Small, frequent spikes that quickly return to baseline.

Characteristics

  • Baseline replica count is steady, but spikes up by 2x several times per hour.
  • Spikes are short-lived and return to baseline quickly.
  • Often not real load growth, just temporary surges causing overreaction.

Common causes

  • Consumer products with intermittent usage bursts.
  • Traffic splitting or A/B testing with low percentages.
  • Polling clients with synchronized intervals.
ParameterValueWhy
Autoscaling window2-5 minutesSmooth out noise, avoid reacting to every spike
Scale-down delay300-600sModerate stability
Target utilization70%Default is fine
Concurrency targetBenchmarked valueStart conservative
A longer autoscaling window averages out the jitter so the autoscaler doesn’t chase every small spike.

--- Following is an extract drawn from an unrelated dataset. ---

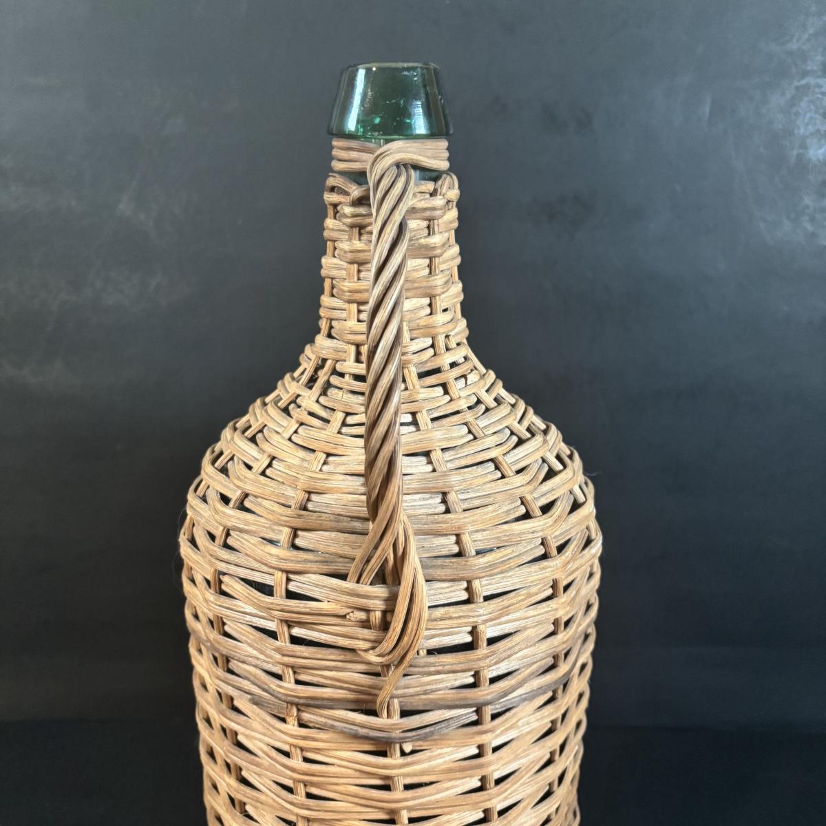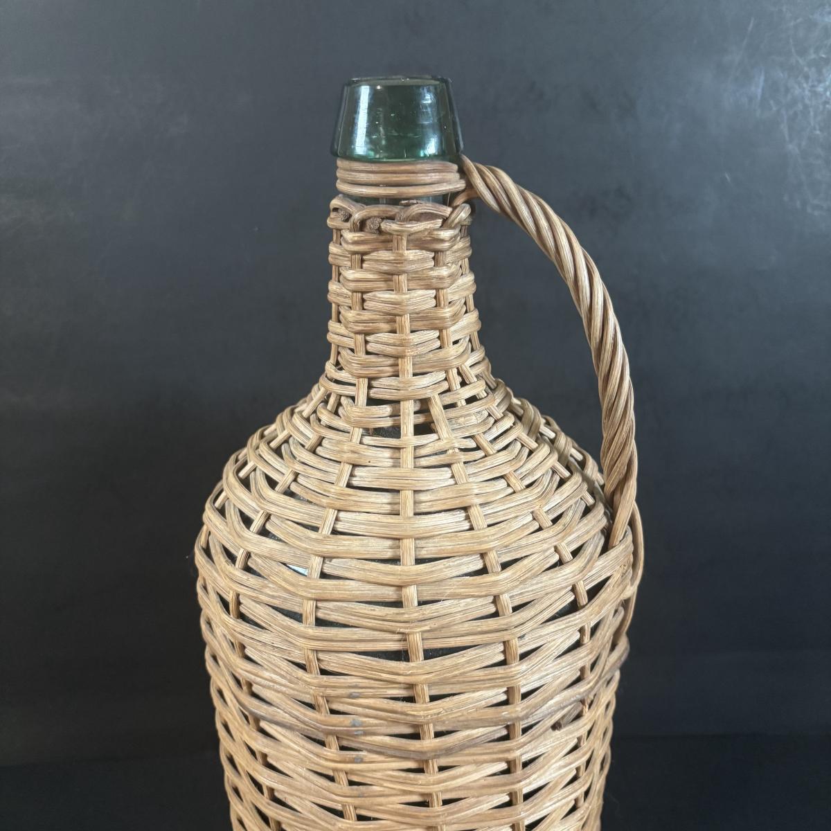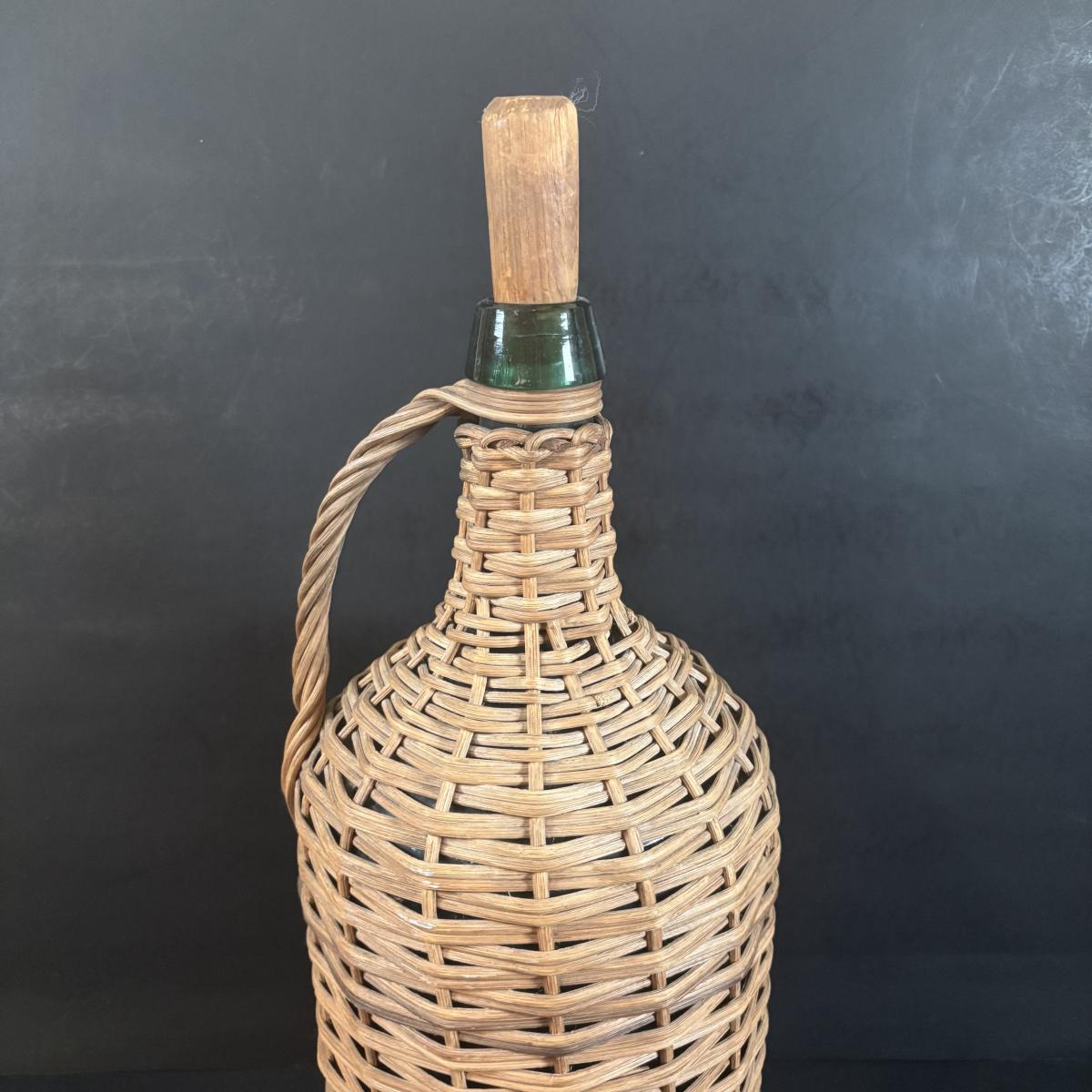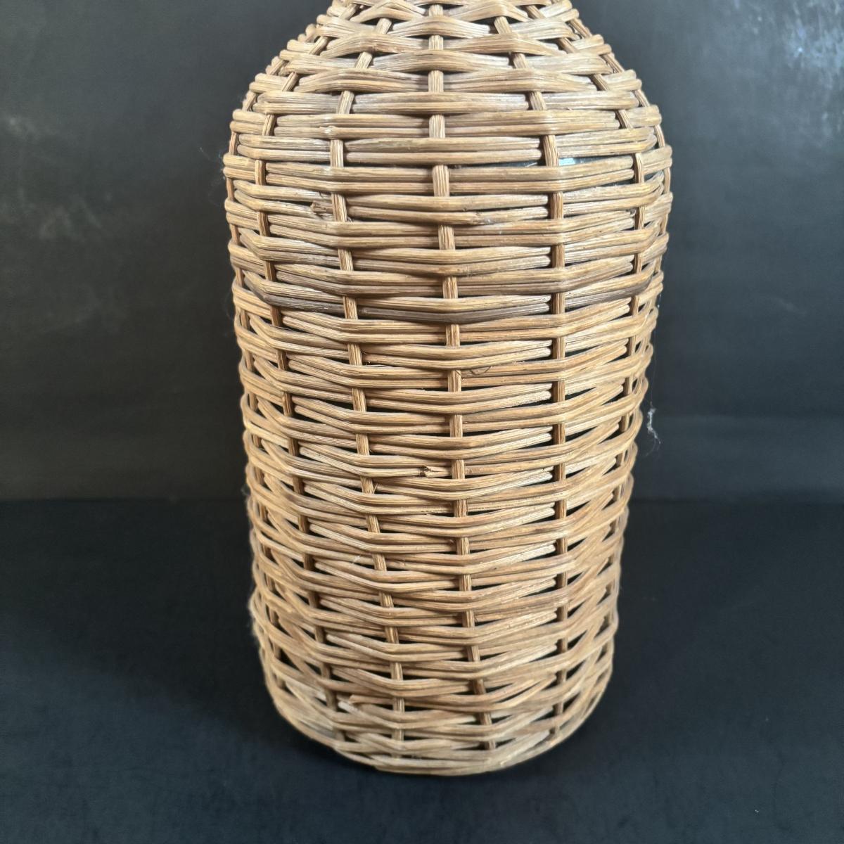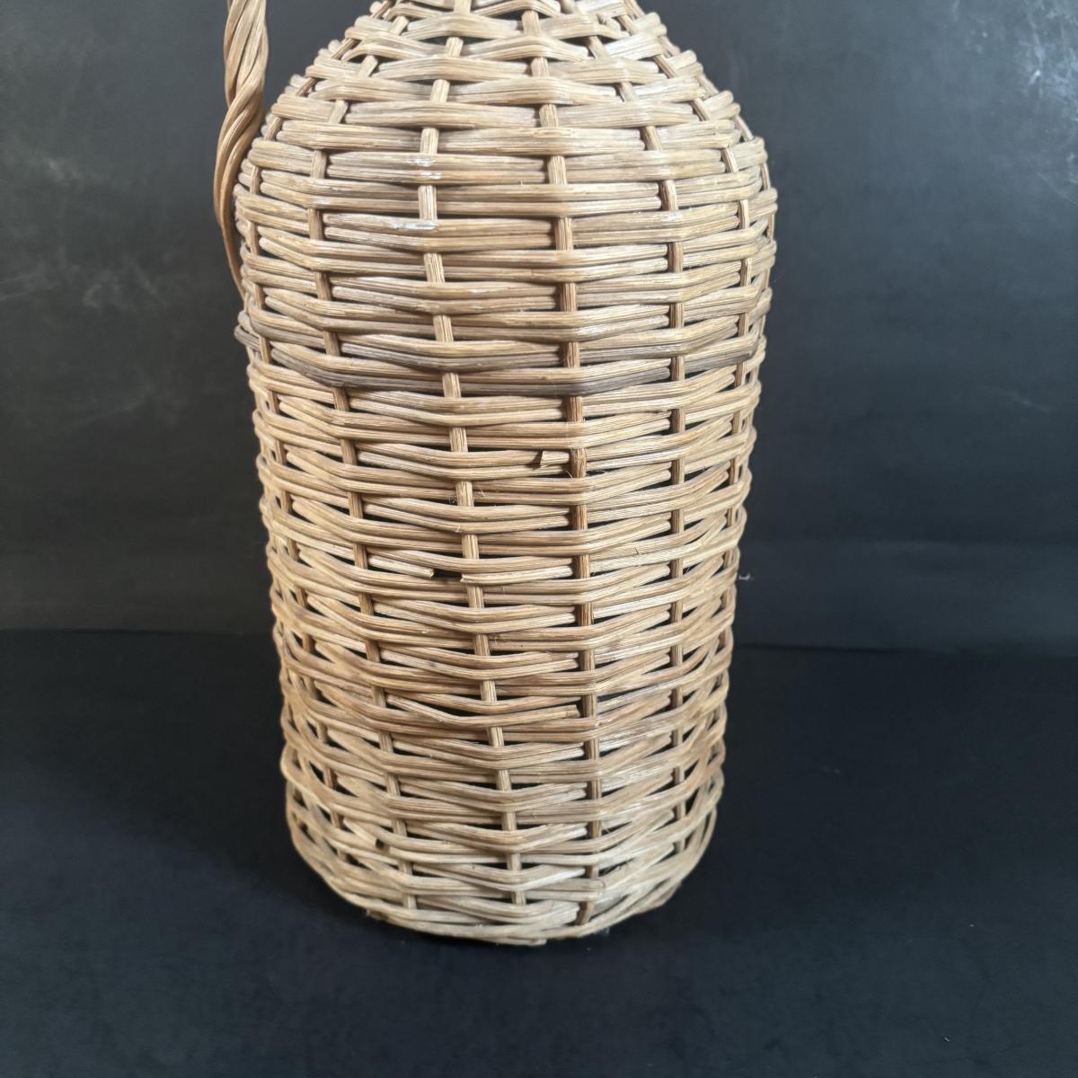 LOT 367: Antique Wicker Wrapped Bottle w/Wooden Stopper & Asbestos Sad Iron

You’re trading reaction speed for stability, which is acceptable when the spikes aren’t sustained load increases.
If you’re still seeing oscillation with these settings, increase the scale-down delay before lowering target utilization.

Bursty traffic

Characteristics

  • Traffic jumps sharply (2x+ within 60 seconds).
  • Stays high for a sustained period before dropping.
  • The “pain” is queueing and latency spikes while new replicas start.

Common causes

  • Daily morning ramp-up (users starting their day).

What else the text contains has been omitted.